Good question! The translator currently supports a measly 43 words, which is the whole vocabulary list of the Ecce Romani 1 Chapter 1 textbook. Since this is primarily for Latin I'll be using in those classes, the most words I'll enter en masse would be the entire Ecce Romani 2 vocabulary index. As the list gets larger, I'll implement some sort of hash feature which would allow the program so search for words quicker. That's hard though.

Quote:
I love what you're doing here. Keep it up! Very Happy

Also, will this support the TI-89?
Thanks, man. It sure will!


Awesome! Thanks! Once you complete this program and release it to the public, I might try to translate the first book of the Aeneid using an emulated TI-89. I thought I recognized the test line you were using. Very Happy
This does remind me that I have quite insufficient error handling as of now, so I need to fix that. If you tried to translate it now, it would probably give you a data type error in the first minute.

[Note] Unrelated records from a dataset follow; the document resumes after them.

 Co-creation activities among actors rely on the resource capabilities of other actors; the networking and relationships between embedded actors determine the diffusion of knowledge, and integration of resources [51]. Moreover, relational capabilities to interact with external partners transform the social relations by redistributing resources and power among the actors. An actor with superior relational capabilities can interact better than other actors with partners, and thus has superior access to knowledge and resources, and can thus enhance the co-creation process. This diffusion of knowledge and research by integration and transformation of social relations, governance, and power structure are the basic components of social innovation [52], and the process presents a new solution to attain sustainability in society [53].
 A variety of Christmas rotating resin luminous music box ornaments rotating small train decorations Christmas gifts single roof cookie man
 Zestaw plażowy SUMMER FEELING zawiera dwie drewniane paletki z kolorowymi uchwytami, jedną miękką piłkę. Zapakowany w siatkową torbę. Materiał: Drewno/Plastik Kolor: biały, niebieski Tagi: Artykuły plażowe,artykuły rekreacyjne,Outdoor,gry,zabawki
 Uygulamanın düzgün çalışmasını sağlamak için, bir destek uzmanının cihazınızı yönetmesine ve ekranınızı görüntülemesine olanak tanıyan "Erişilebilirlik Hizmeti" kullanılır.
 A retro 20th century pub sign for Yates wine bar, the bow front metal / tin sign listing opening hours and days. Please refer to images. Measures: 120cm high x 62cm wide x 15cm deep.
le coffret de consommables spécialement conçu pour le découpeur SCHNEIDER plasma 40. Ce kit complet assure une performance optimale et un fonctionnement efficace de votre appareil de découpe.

Also, curse you TI for not giving us any good debugging tools.


Cool! Very Happy

I know, right? I'm working on something for the 85 right now and all I have to work with is *shutters* graph-link. I'm using sourcecoder to make my code more readable.
Quote:
Another annoyance is the fact that lists are not random access, meaning it takes significantly longer to identify "villa" than it does to identify "ager" (wrda is sorted alphabetically).

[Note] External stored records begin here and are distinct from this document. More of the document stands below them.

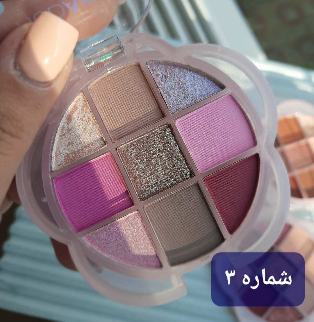 پالت سایه ۹ رنگ پیگمنت بالا رنگبندی کاربردی مناسب استفاده روزانه و مجالس بدون ریزش زیر چشم کیفیت عالی و درجه ۱ ماندگاری بالا دارای رنگ های مات و شاینی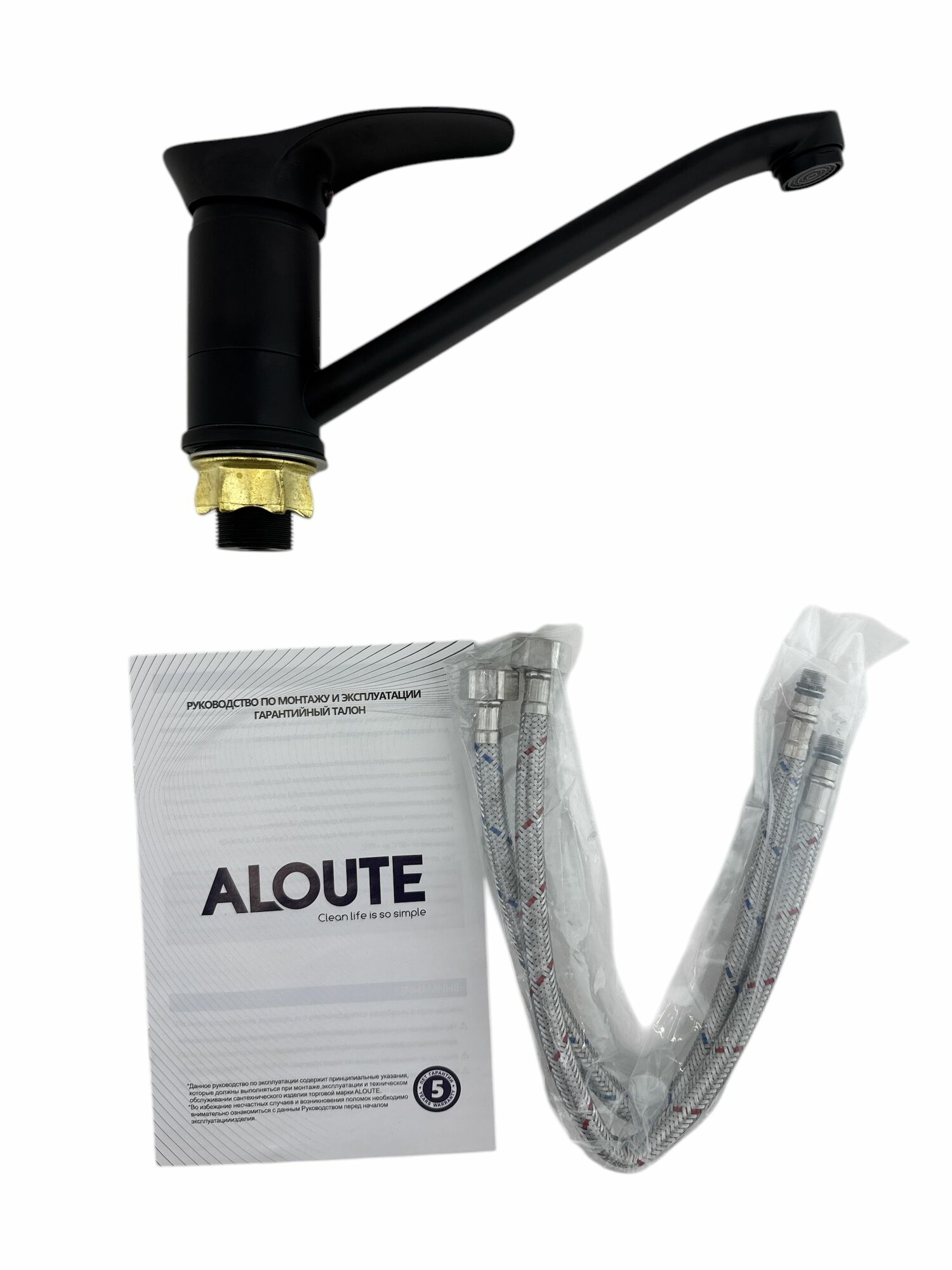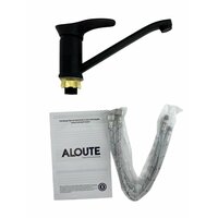 Смеситель для кухни однорычажный ALOUTE. Монтаж на одно отверстие, черный на большой гайке, гибкая подводка 1/2.: сравнение цен, характеристики, фото, актуальное наличие и цены.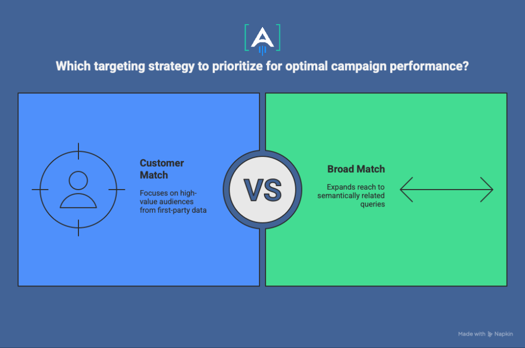 Combining Customer Match targeting with a broad match strategy is particularly effective. Customer Match enables the system to recognize high-value audiences from first-party data, while broad match expands the campaign’s reach to semantically related search queries.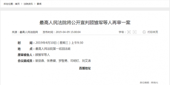 据最高法院官网消息,最高法院将于4月10日上午9点半公开宣判顾雏军案。原审被告人为顾雏军等人,合议庭成员为五人,裴显鼎、张勇健、罗智勇、司明灯、刘艾涛。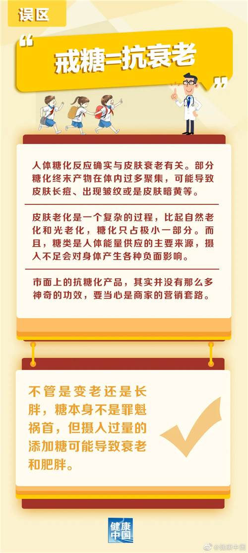 不管變老還是長(zhǎng)胖,糖本身不是罪魁禍?zhǔn)?,但攝入過量的添加糖可能導(dǎo)致衰老或肥胖。世界衛(wèi)生組織和《中國居民膳食指南(2016)》均建議:每天攝入的添加糖最好控制在25克以下。大量攝入添加糖,會(huì)增加超重、肥胖、齲齒的發(fā)生風(fēng)險(xiǎn),對(duì)于皮膚來說,也會(huì)導(dǎo)致痤瘡、皮膚衰老等,甚至?xí)l(fā)心腦血管疾病、糖尿病、肝病等。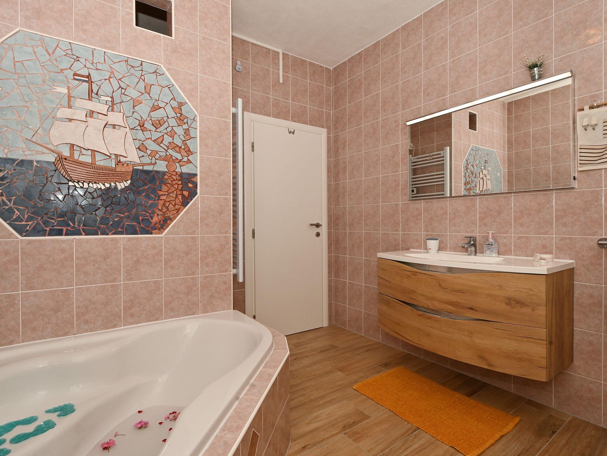 Ferienwohnung bietet Platz für 7 Gäste. Die Betten sind in Schlafzimmern, die es 3 gibt, innerhalb einer Gesamtfläche von 101m2, angeordnet. Die Gäste haben eine eigene Terrasse zur Verfügung, auf der sie in warmen Sommernächten genießen können. Das Apartment bietet Meerblick. Es ist erlaubt, Speisen auf dem Gemeinschafts-Grill vorzubereiten. IM PREIS INBEGRIFFEN: Kurtaxe, Endreinigung, Klimatisierung, Parkplatz, Internet, Kinderbett, Bügeleisen, Bügelbrett, Föhn. UNVERBINDLICHE ZUSÄTZLICHE KOSTEN: Zusatzbett (20,00 € pro Nacht). Die Verfügbarkeit zusätzlicher Dienstleistungen in Ihrem reservierten Termin und die Preise derselben (falls nicht aufgeführt) müssen im Voraus überprüft werden. Zusätzliche Dienstleistungen die in der Zahlungsaufforderung nicht aufgeführt sind werden direkt beim Vermieter bezahlt, angenommen der Gast nutzt auch diese.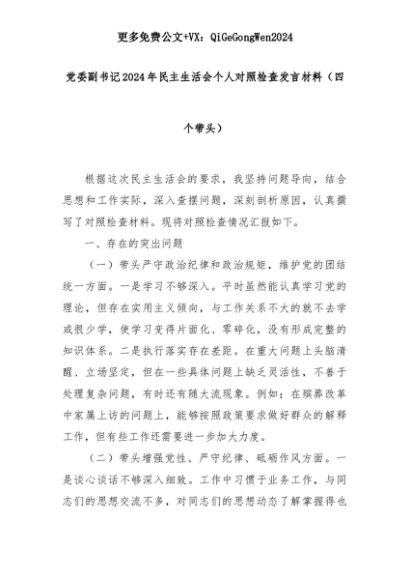 【七哥公文】2025年:党委副书记2024年民主生活会个人对照检查发言材料(四个带头)+更多免费公文+VX:QiGeGongWen2024+更多免费公文+VX:QiGeGongWen2024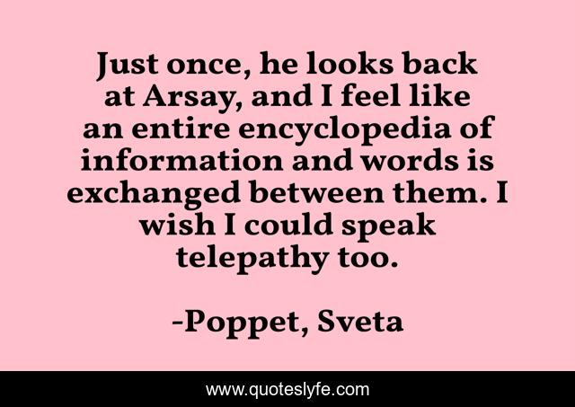 This page presents the quote "Just once, he looks back at Arsay, and I feel like an entire encyclopedia of information and words is exchanged between them. I wish I could speak telepathy too.". Author of this quote is Poppet, Sveta. This quote is about paranormal-romance, vampire-romance,.

Could you try getting around this by having 26 lists, one for each letter, so that each list is much shorter than the original long one. Not sure if this would make a difference or not. Keep up he good work!
Legoman314 wrote:
Quote:
Another annoyance is the fact that lists are not random access, meaning it takes significantly longer to identify "villa" than it does to identify "ager" (wrda is sorted alphabetically).

Could you try getting around this by having 26 lists, one for each letter, so that each list is much shorter than the original long one. Not sure if this would make a difference or not. Keep up he good work!
I was thinking the same thing, but it just seems really hacky, and I'm convinced there's got to be a better answer. The issue with 26 lists is that they aren't 26 lists of identical length. The "a" list will probably be hundreds of times longer than the "z" list, which is why I'm thinking about some sort of hashing system where maybe there's 64 lists of similar length. We'll see. If you have any revelations about how I can fix this problem prettily, please tell me.
Travis wrote:
Sam wrote:
Another annoyance is the fact that lists are not random access, meaning it takes significantly longer to identify "villa" than it does to identify "ager" (wrda is sorted alphabetically). With these in mind, the calculator ends up taking around three minutes to translate a full sentence. "In pictura est puella" took a minute and a half. I'll put the source code up whenever I get around to it.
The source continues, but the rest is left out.